The acentric factor (ω) is a bit more complex, but also less influential on the fluid properties than Tc and Pc. For n-paraffins ω increases with molecular weight, but the concentration of n-paraffins decreases with molecular weight. The C50+ fraction essentially consists of iso-paraffins, naphthenes and aromatics, which components have lower acentric factors than n-paraffins. The acentric factors of the C7+ carbon number fractions are therefore seen to increase with molecular weight till ~C50, while a slight decrease is seen for heavier components.
The last parameter is the binary interaction parameter (kij). A kij > 0 will reduce the simulated attraction between molecules of types i and j. For hydrocarbon pairs, it is recommended to use kij = 0 as this will maintain the right balance between the attractive and the repulsive terms of the equation of state also at temperatures other than the one for which experimental PVT data has been tuned to. A slightly positive ki is needed for component pairs counting a non-hydrocarbon (N2, CO2 and H2S). For a CO2-hydrocarbon pair a kij of 0.08-0.12 is appropriate.
Finally, the C7+ fraction must be split into a manageable number of pseudo-components, each of approximately equal weight amount, and the characterization is complete.
In PVTsim Nova the characterization and regression to PVT data are automated in a so-called Auto EoS option. If the user further takes advantage of the option for automated import of PVT reports in PRODML XML format (see Figure 3), development of an EoS model can be done in a few minutes.
Figure 3 PVTsim Nova option for automated import of PVT reports in PRODML XML format.

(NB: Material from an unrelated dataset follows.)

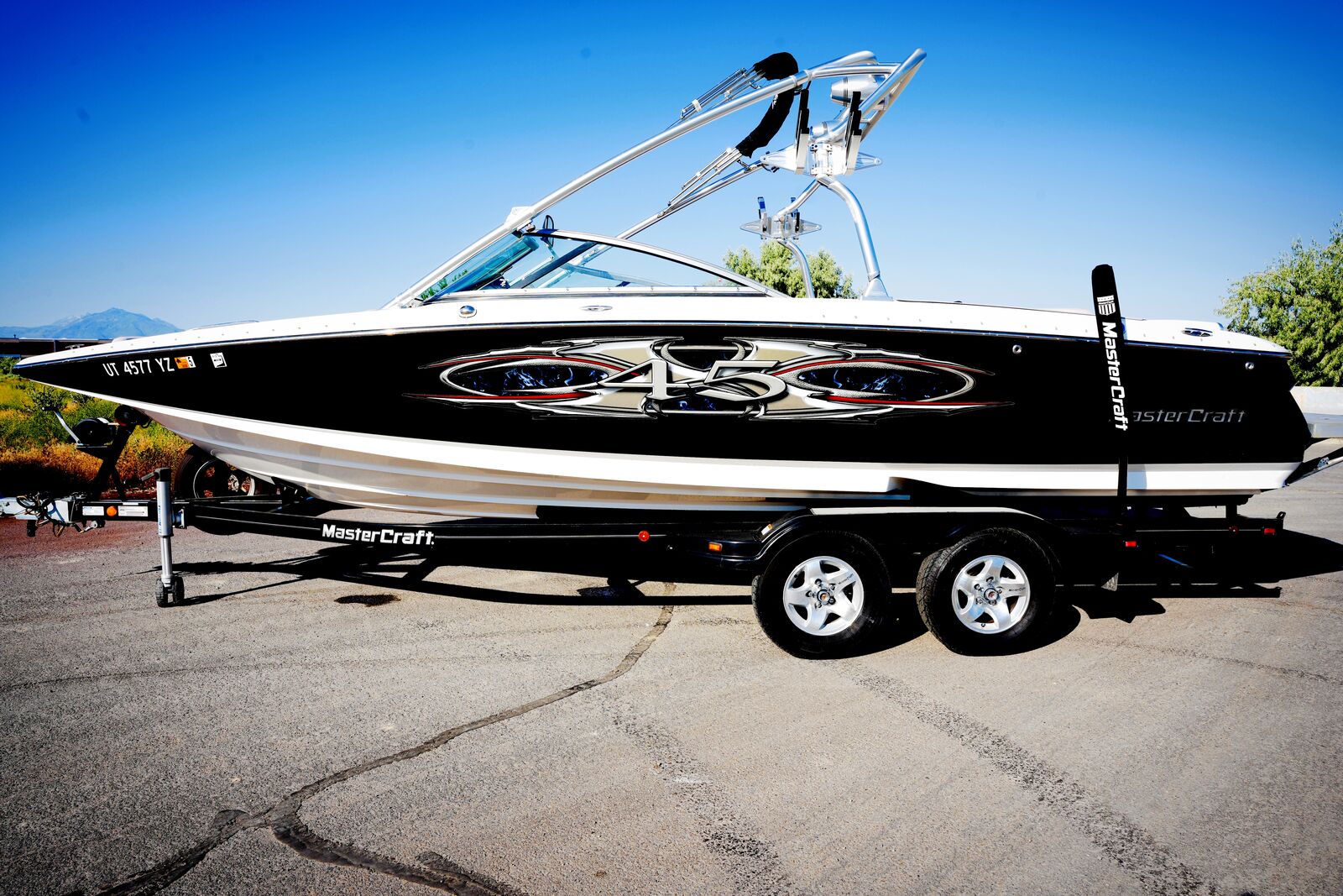 **2005 MasterCraft X45****2-Year Engine Warranty Included – New Engine Installed!**This X45 has just 540 total hours and features a brand-new Indmar 8.1L Vortec engine backed by a 2-year warranty. It’s also upgraded with a Wakemakers Ballast System fully integrated and controlled from the dash, in addition to the built-in factory ballast.

As can be seen from Figure 4, the Auto EoS option in PVTsim only requires input of the number of components in the final EoS model and the importance to be assigned to each data type (High, Medium, Low, None).

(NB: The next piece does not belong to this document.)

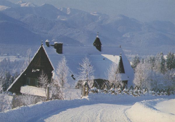 Panorama Tatr Zachodnich wykonana z drogi prowadzącej z Kościeliska na Gubałówkę. Sceneria zimowa. Na pierwszym planie zabudowania WDW Salamandra.

A few seconds later the EoS model will be made and is ready for use in simulations and for export to external software products (Eclipse, OLGA, Hysys, etc.). Plots are shown of the match of experimental PVT data as exemplified in Figure 5.
As can be seen from the above, it is relatively straightforward to characterize a single reservoir fluid composition, but fluid characterization can still present challenges. Many samples are mud contaminated, which means that the measured PVT data is not representative of the pure reservoir fluid. Many PVTsim users demand field-wide EoS models and models that can handle water and fluids with a high CO2 content. These challenges will be addressed in TechTalks in the coming months.

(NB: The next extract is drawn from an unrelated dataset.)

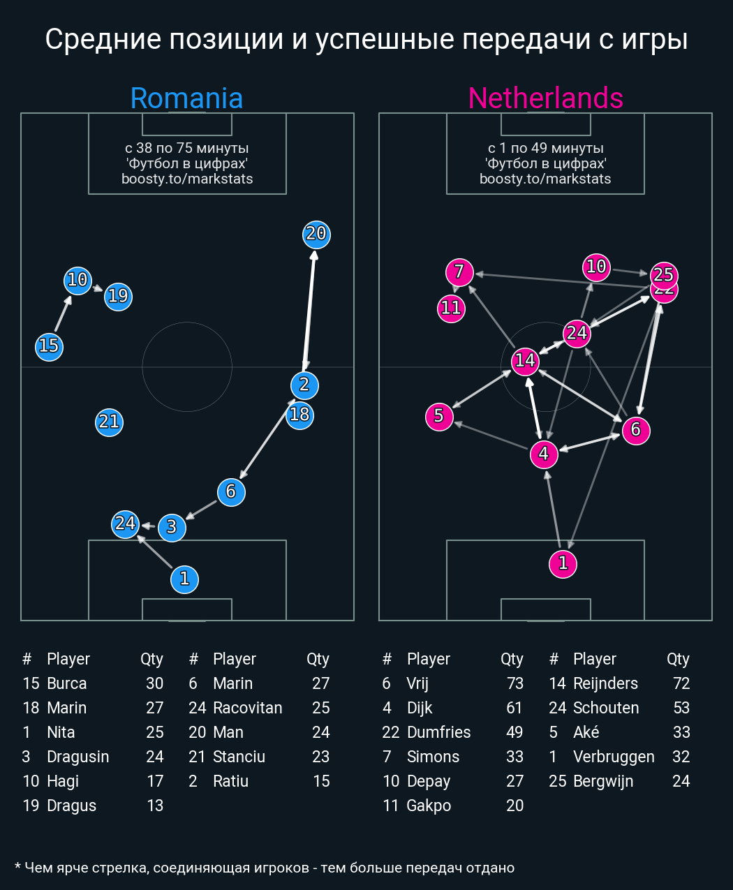 68 успешных передач из 74 попыток (8 с продвижением, 5 на трети соперника)

- Coats, K. “Simulation of gas condensate reservoir performance”, Journal of Petroleum Technology, October 1985, pp 1870-1886.
- Pedersen, K.S., Thomassen, P., Fredenslund, Aa., “Thermodynamics of Petroleum Mixtures Containing Heavy Hydrocarbons. 1. Phase Envelope Calculations by Use of the Soave-Redlich-Kwong Equation of State”, Ind. Eng. Chem. Process Des. Dev. 23, 1984, pp. 163-170.
- Sørensen, H., Pedersen, K.S., Christensen, P.L., “Method for Generating Shale Gas Fluid Composition from Depleted Sample”, Forth International Acid Gas Injection Symposium (AGIS IV), Calgary, September 24–27, 2013.